I didn't know that. To answer my previous question, clang doesn't fire a warning when passing pointers of any size to the function foo.

And by the way, nice talk, it's great learning these dark secrets of C.

The compiler can't know at compile time with a naked pointer like it can with an array. [static 1] is handy to say it must not explicitly be NULL, as if it were optional, however.
Yes, but I expected some kind of "You're passing a pointer as an array of size n. I can't check the size, but you should make sure you've checked it".
I can't imagine that would be anything but noise. 99% of my function calls have pointers passed through, not arrays.
But a pointer is not the same thing as an array, a pointer does not carry the size of the allocated space which an array does in the same scope.
Good, because I was missing a slide:

= Bitfields =

Not even once.

;)

Everybody knows about bitfields :)
Bitfields have some crazy fun dark corners, though. For instance, which values can this bitfield hold:

    int b:1;
Signed two's-complement n-bit integers can hold values from 2^(n-1)-1 to -2^(n-1), so in theory it can hold 0 and -1, but many compilers get that one wrong. Always declare one-bit bitfields as unsigned. (The Sparse static analyzer will warn you about that one.)
In my university they always told me to cast the return of void * functions, I thought it was just to avoid the warning saying "automatic cast of void* to int*" or similar.

Thanks, I will take that into account.

It is true in C++, not in C where void* needs no casting.

People tended to confuse C++ with C more in the past, as they had not diverged as much as they have now.

An annoying thing C++. Anyone know the history/rationale of this change?
It is supposed to provide you more checking by disabling automatic cast from void* to any other pointer. This makes sense in C++ since casting a pointer to a class can trigger some address adjustement if the target class of this instance pointed to is multiple derived (and maybe in other cases?). There is no way such adjustment can happen if the source type is void*, because then you don't know what the source type really is.
As far as I know, this is exactly the rationale, actually. Say you have:

  struct a { int a;}
  struct b { int b;}
  struct c : a, b { };

  c myc;
  c* p1 = &myc;
  b* pb1 = p1; // correctly points to myc's base b, which is offset

  void* p2 = &myc;
  b* pb2 = p2; // Would not point at instance of b, compile error
If I need void*-casting code to compile on both C and C++ compilers, I use a macro like this:

  #ifdef __cplusplus
  #define STATIC_CAST(T, EXPR) static_cast<T>(EXPR)
  #else
  #define STATIC_CAST(T, EXPR) (EXPR)
  #endif
This leaves the conversion to be implicit in C, and uses the stricter static_cast in C++ to catch certain types of likely-unsafe conversions, such as the aforementioned cast from int to pointer.
> While we're talking about dark corners, please stop casting functions that return void *

The problem is, if I want my C code to compile with MSVC, it has to compile as C++ - and even if I abhor Windows for development myself, a lot of developers are using MSVC.

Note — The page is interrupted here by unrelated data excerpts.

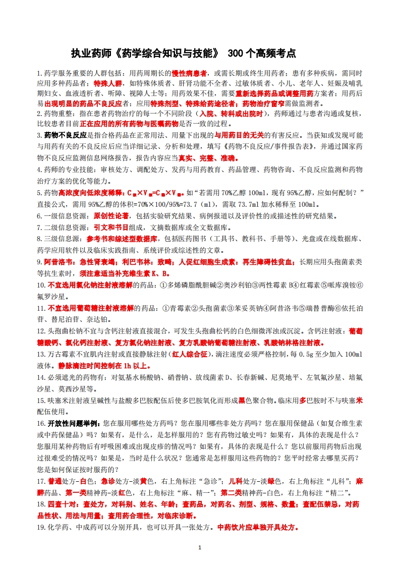 首页药剂药学药师考试《药学综合知识与技能》个高频考点
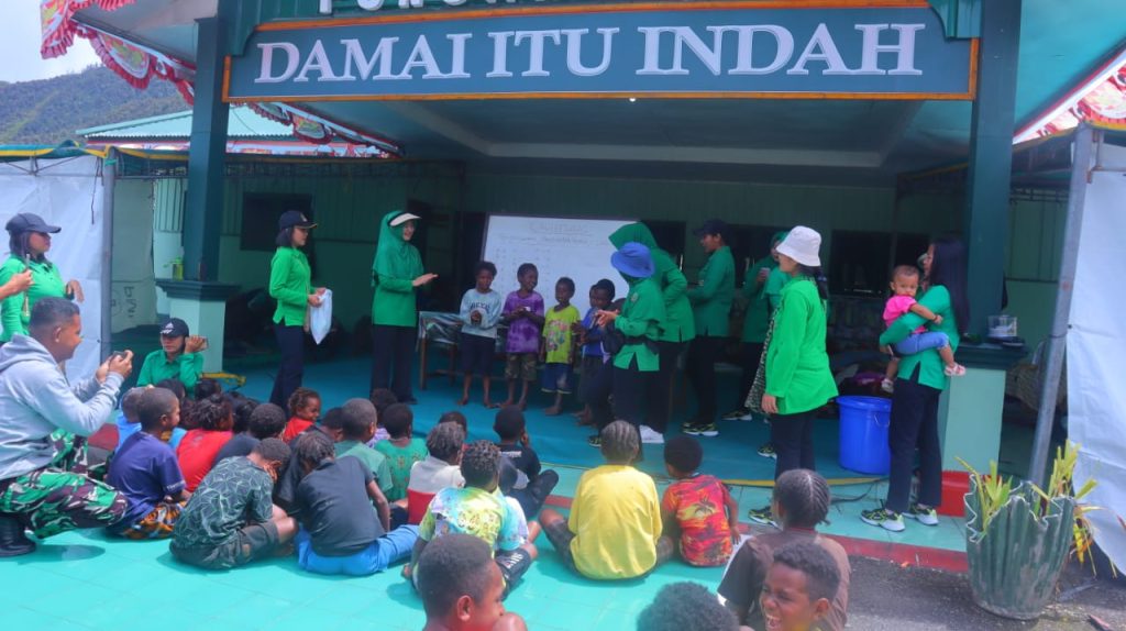 GANTARITV.COM Papua – Sebagai bentuk kepedulian Babinsa terhadap pendidikan anak- anak Babinsa mengisi waktu untuk menggantikan para guru-guru yang tidak bisa melaksanakan kegiatan proses mengajar di sekolah di karenakan situasi yang belum kondusif sehingga para Babinsa menyempatkan diri bersama Ibu-ibu Persit Kodim 1714/PJ memberikan materi bagi anak-anak SD yang sedang mengungsi bersama keluarganya di Makodim 1714/PJ, Kamis (20/02/2025).
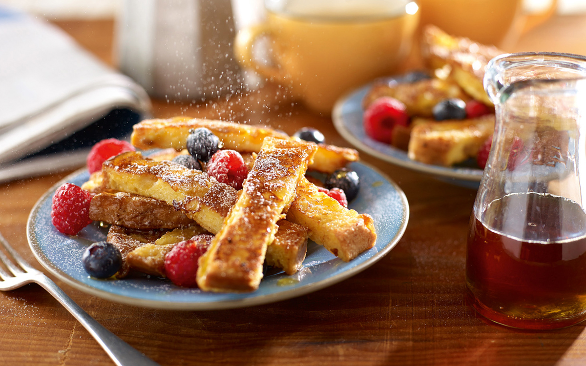 - To serve cut the French toast into finger sticks and divide between 2 plates, add the fresh raspberries and blueberries.
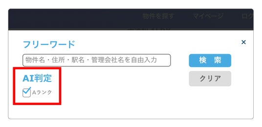 任意の物件が60日以内で入居決定に至るという予測が出た場合、ページ上では「AIオススメ度A」という表記がされます。ご利用ユーザー様はこの表記をもとにダウンロード利用する物件を選定することができます。また、AIによる「A」判定が出た物件だけを表示できる絞り込み機能も同時に実装しております。

I just wish Microsoft would update their C compiler, at least to C90. But then I suppose the standard has only been around for 23 years, and nobody really uses C anyway.

> The problem is, if I want my C code to compile with MSVC, it has to compile as C++

As someone who has compiled a lot of .c files that do not cast void pointers with cl.exe, I'd say no, this is not true... Maybe what you're trying to say is that your code relies on C99 features that are also present in C++? IMO if that's what's holding you back it's much easier to just write C89, maybe with the occasional ifdef, than to suddenly write some crummy C/C++ hybrid. That or just use mingw. (Unless you're doing SEH. I'm not aware of a good way to do SEH with mingw.)

You're suggesting I write C89 in 2013 just to support MSVC? C89 in which you can't even mix data and code?

I think casting void pointers is very much the lesser of two evils. And of course I can use MinGW, but that doesn't mean the majority of Windows developers don't insist on using MSVC.

C++ is not a superset of C[0]. If you want to use MSVC and newer features, then you're not writing C anymore; you're just writing an awkward C++ program.

[0] http://en.wikipedia.org/wiki/Compatibility_of_C_and_C%2B%2B

Nope, I'm definitely writing C99, but it just so happens that MSVC is happy enough pretending it's C++.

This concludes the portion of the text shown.